Author: Kelleners, Thijs J.; Koonce, Jeremy; Shillito, Rose; Dijkema, Jelle; Berli, Markus; Young, Michael H.; Frank, John M.; Massman, William;

Date: 2016

Source: Soil Science Society of America. 80: 247-263.

Publication Series: Scientific Journal (JRNL)

Description: A one-dimensional vertical numerical model for coupled water flow and heat transport in soil and snow was modified to include all three phases of water: vapor, liquid, and ice. The top boundary condition in the model is driven by incoming precipitation and the surface energy balance.

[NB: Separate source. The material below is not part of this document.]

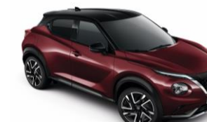
Burgundi / Fekete XDO - 300 000 Ft
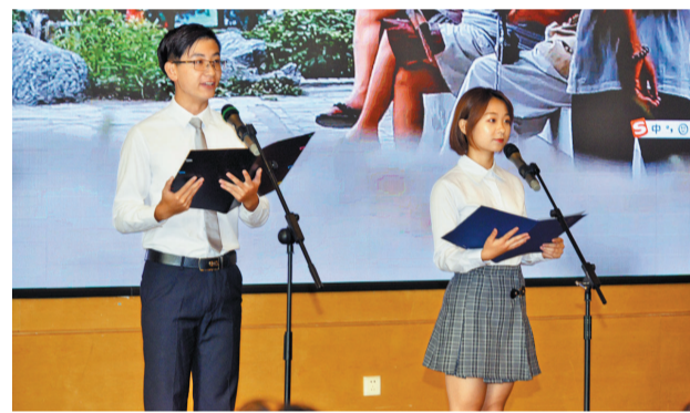
大学生选手在比赛中。

本报讯 记者高松 熊伟健报道:12日,“苏曼殊杯”珠海大学生诗歌诵读大赛暨红色经典诵读大赛在北京师范大学珠海分校举行,来自珠海各高校的300余名师生共同诵读诗歌,回顾经典,感受诗意青春。

The model was applied to three different terrestrial systems: A warm desert bare lysimeter soil in Boulder City, NV; a cool mixed-grass rangeland soil near Laramie, WY; and a snow-dominated mountainous forest soil about 50 km west of Laramie, WY. Comparison of measured and calculated soil water contents with depth yielded modeling efficiency (ME) values (maximum range: -∞< ME ≤ 1) of 0.32 ≤ ME ≤ 0.75 for the bare soil, 0.05 ≤ ME ≤ 0.30 for the rangeland soil, and 0.06 ≤ ME ≤ 0.37 for the forest soil. Results for soil temperature with depth were 0.87 ≤ ME ≤ 0.91 for the bare soil, 0.92 ≤ ME ≤ 0.94 for the rangeland soil, and 0.85 ≤ ME ≤ 0.88 for the forest soil. The model described the mass change in the bare soil lysimeter due to outgoing evaporation with moderate accuracy (ME = 0.41, based on 4 yr of data and using weekly evaporation rates). Snow height for the rangeland soil and the forest soil was captured reasonably well (ME = 0.57 for both sites based on 5 yr of data for each site). The model is physics based, with few empirical parameters, making it applicable to a wide range of terrestrial ecosystems.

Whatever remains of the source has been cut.